После беспокойной ночи я открываю мою книгу. Форзац – зеленая мраморная бумага с золотыми прожилками – навевает мысли о пышных лесах Юкатана. Следующие несколько страниц – из толстой бумаги, плотной и бархатистой на ощупь – пусты. Но за ними идет фронтиспис: на нем – маленькая майяская тигрица, а произносимые ею слова застыли у нее перед мордой, точно обретший плоть ветер. И впервые я понимаю, что книга моей мечты – это наша книга, Габриелла, та самая, которую мы с вами пишем совместно. Сдается, пора мне ее завершить. Пусть я не могу обратиться ни к нашим заметкам, ни к перу и бумаге, мне остается греза. Что такое книги, как не осязаемые мечты? Что такое чтение, как не сон наяву? Лучшие книги побуждают нас мечтать; остальные читать не стоит.
9
ТОФЕТ
Чудесные письмена распались, окутав комнату Ланды зловоннейшим смрадом.

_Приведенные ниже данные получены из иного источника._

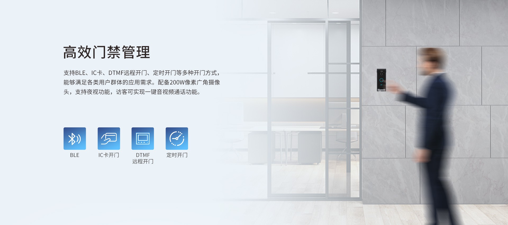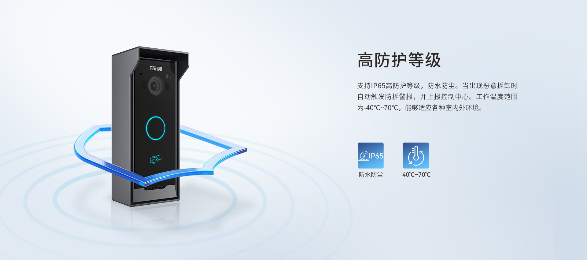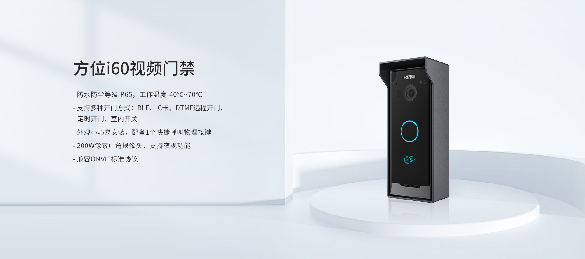 方位i60视频门禁是一款集门禁、对讲和安防功能于一体的SIP门禁产品。设备占用空间小,安装简单,配备1个速拨按键,具备IP65防护等级,适用于各种室内外场景。配备200W像素摄像头与支持多种开门方式,一键进行音视频通话,实现门禁高效管理。支持SIP协议、ONVIF协议和安防设备联动,兼容各大主流平台,可定制成各类场景解决方案,适用于各种别墅、公寓楼、社区等环境。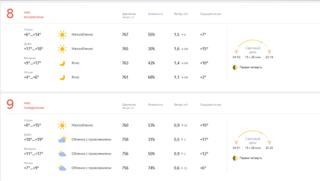 По данным Яндекс.Погоды, тепло и небольшая облачность продержатся до 12 мая.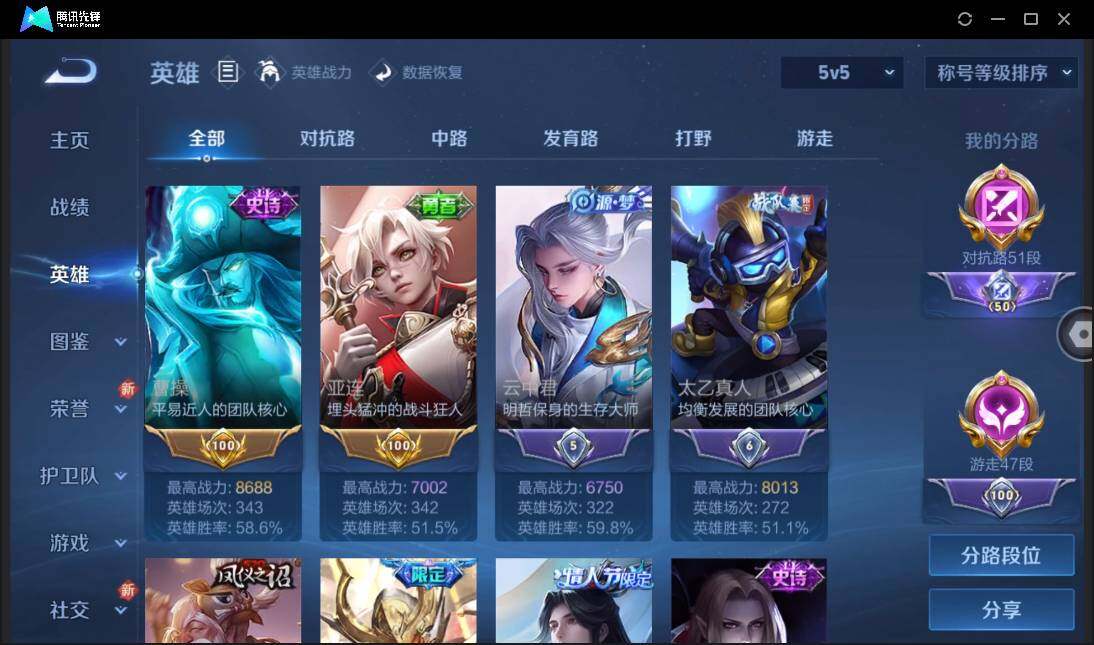 【W4457】3万战-10金标-对抗路51段-游走47段-安卓QQ-无二次-贵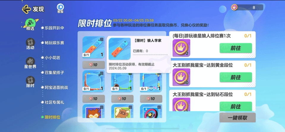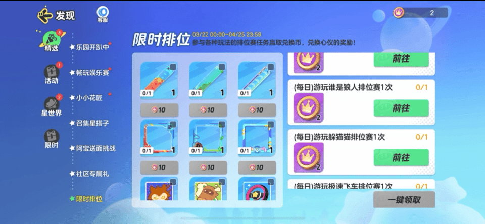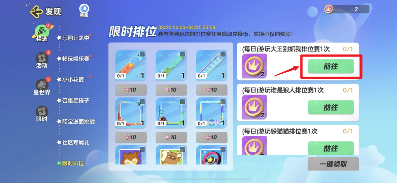 限时排位的活动时间为3月22日-4月25日23:59。星宝参与各种玩法的排位赛即可完成任务,赢取兑换币,用来兑换心仪的奖励!划重点!!星宝点击活动右侧的【前往】就能一键跳转到对应的玩法界面,开启任务咯~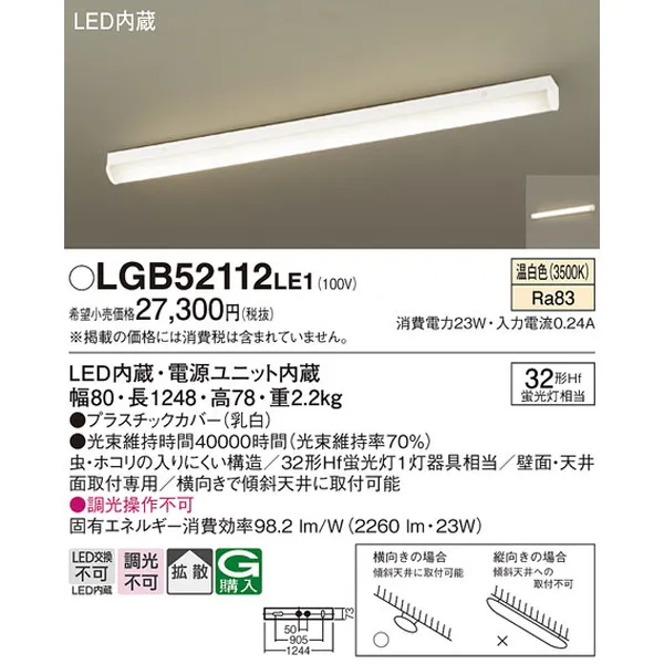 パナソニック 施設照明器具 LEDベースライト 天井直付型 一体型 LGB52112LE1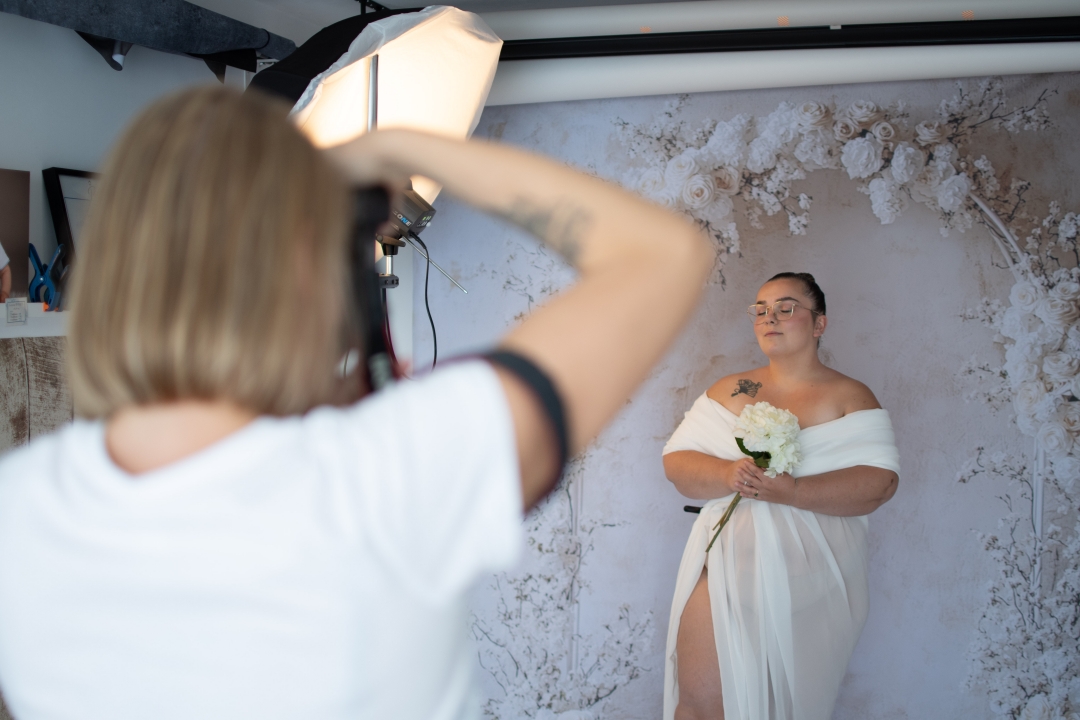 Une maquilleuse professionnelle faisait également partie de l’équipe. Certaines femmes avaient réservé l’option maquillage, d’autres non, chacune étant libre de composer son expérience selon ses envies. Ces moments avant la prise de vue étaient souvent riches en échanges, en sourires, et parfois en confidences. Beaucoup sont restées bien au-delà de leur créneau initial, simplement pour discuter, partager et profiter de cette parenthèse hors du temps.

Призвали двух братьев, чтобы они вынесли рыбий труп вон.
Рыбину благословили и похоронили, а после останки писца Кукума швырнули в костер. Недолгое время спустя вдову Кукума прогнали солдаты. Они сказали, что ей больше незачем возвращаться: ее цветы, душистую тиксзулу, скормили свиньям инквизитора, а тело ее мужа – огню. Подняв глаза, она сквозь слезы увидела дым и поняла, что они говорят правду.